Arkham's Masters of Horror
- Dust-jacket illustration by Tony Patrick.
- Editor: Peter Ruber
- Cover artist: Tony Patrick, design by Martin Hertzel
- Language: English
- Genre: Fantasy, Horror
- Publisher: Arkham House
- Publication date: 2000)
- Publication place: United States
- Media type: Print (hardback)
- Pages: xi, 443
- ISBN: 0-87054-177-3
- OCLC: 43561807
- Dewey Decimal: 813/.0873808 21
- LC Class: PS648.H6 A75 2000

= Arkham's Masters of Horror =

Arkham's Masters of Horror is an anthology of fantasy and horror stories edited by Peter Ruber.

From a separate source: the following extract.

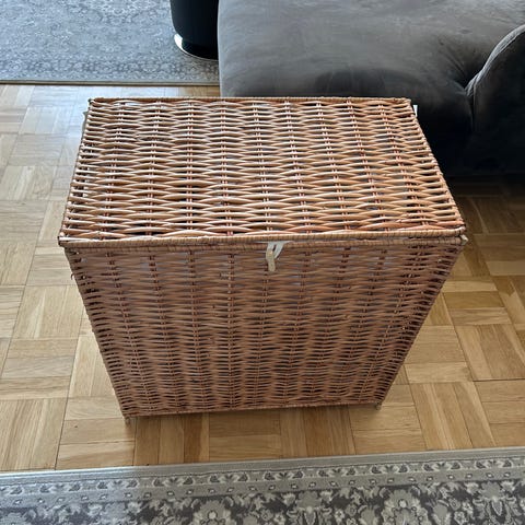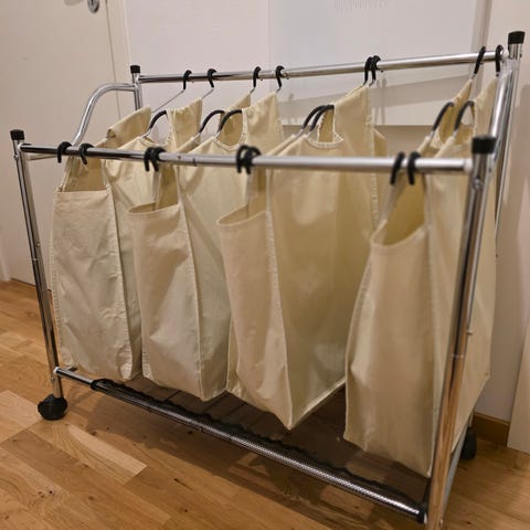 Tvättkorg på hjul, volym 80 l. Dragkedja på locket. Svart tyg avtagbart för tvätt, Ren och fräsch.

It was released by Arkham House in an edition of approximately 4,000 copies in 2000. The book includes an introductory essay by Ruber before each story and about its author.

Ruber drew criticism from the horror/fantasy community for the hostility with which he introduced some authors within the volume - for instance, his accusation that H.P. Lovecraft "had a schizoid personality" and could be labelled "a genuine crackpot."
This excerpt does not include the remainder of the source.